■ **Problem statement**
All the data should be repeated exactly. Any image in it is left out.

(Records from a data source)
# # # #

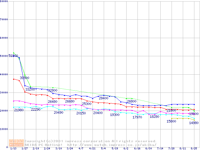 | [↑前グラフ]: | Socket 370 (FC-PGA2,FSB 133MHz,L2 256KB)の最安値推移 |
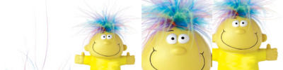 • Stress reliever with feather"hair"
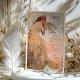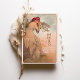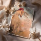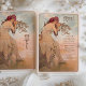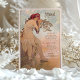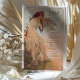 This exquisite Art Nouveau wedding menu card brings a serene, nature-inspired charm to your wedding. The design features a tranquil woman adorned with a crown of red blossoms, sitting peacefully by the water’s edge with flowing branches and soft foliage around her. The soothing color palette of soft blues, warm beiges, and muted greens enhances the dreamy, vintage atmosphere of this card, perfect for weddings with a natural or bohemian theme. The back of the card presents the menu in a refined layout, making it an elegant addition to your special day’s decor.
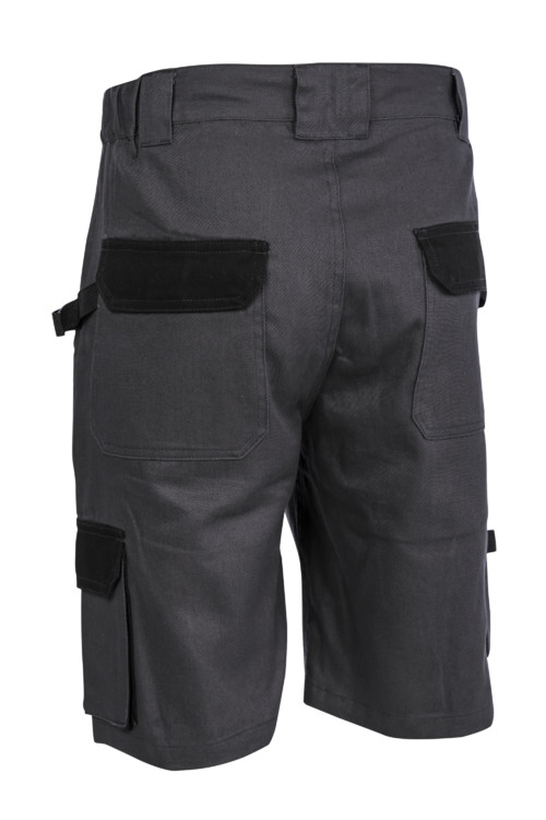 * 260 g/m2 kopásálló, sávolykötésű, 100% pamut anyagból készült, komfort fit szabású bermuda* gumírozott derék széles, erős övbújtatókkal* két oldal-, egy teljes, bőségráncos rátétes-, három szerszám- és két zárható farzseb, egy szerszám- és egy kalapácstartó hurok* derékon plusz tartók, melyekre szükség szerint kiegészítő zsebek, szerszámhordók tehetők
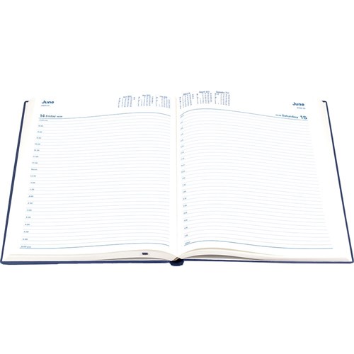 • Stylish hardcover casebound diary with blue leather grain cover.
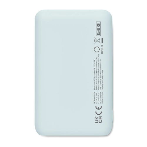 Power bank 5000 mAh in recycled ABS. Capacity for smartphone use, Output: 1 x Type-C, 2 x Type-A & 1 x Type-B. Input: 2-in-1 Type C & Type-A.
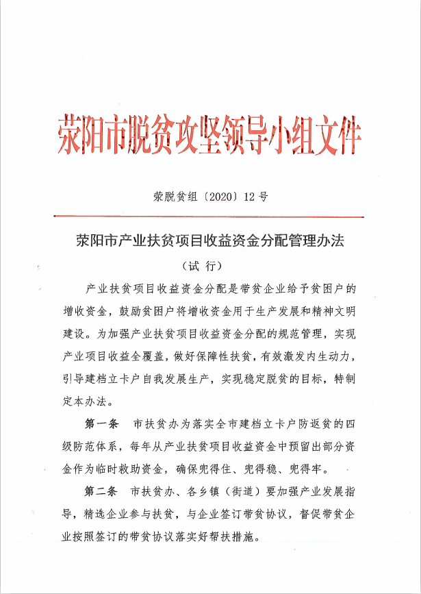 荥阳市产业扶贫项目收益资金分配管理办法

# # # #

■ **Exercise response**
 | [↑前グラフ]: | Socket 370 (FC-PGA2,FSB 133MHz,L2 256KB)の最安値推移 |
 • Stress reliever with feather"hair"
 This exquisite Art Nouveau wedding menu card brings a serene, nature-inspired charm to your wedding. The design features a tranquil woman adorned with a crown of red blossoms, sitting peacefully by the water’s edge with flowing branches and soft foliage around her. The soothing color palette of soft blues, warm beiges, and muted greens enhances the dreamy, vintage atmosphere of this card, perfect for weddings with a natural or bohemian theme. The back of the card presents the menu in a refined layout, making it an elegant addition to your special day’s decor.
 * 260 g/m2 kopásálló, sávolykötésű, 100% pamut anyagból készült, komfort fit szabású bermuda* gumírozott derék széles, erős övbújtatókkal* két oldal-, egy teljes, bőségráncos rátétes-, három szerszám- és két zárható farzseb, egy szerszám- és egy kalapácstartó hurok* derékon plusz tartók, melyekre szükség szerint kiegészítő zsebek, szerszámhordók tehetők
 • Stylish hardcover casebound diary with blue leather grain cover.
 Power bank 5000 mAh in recycled ABS. Capacity for smartphone use, Output: 1 x Type-C, 2 x Type-A & 1 x Type-B. Input: 2-in-1 Type C & Type-A.
 荥阳市产业扶贫项目收益资金分配管理办法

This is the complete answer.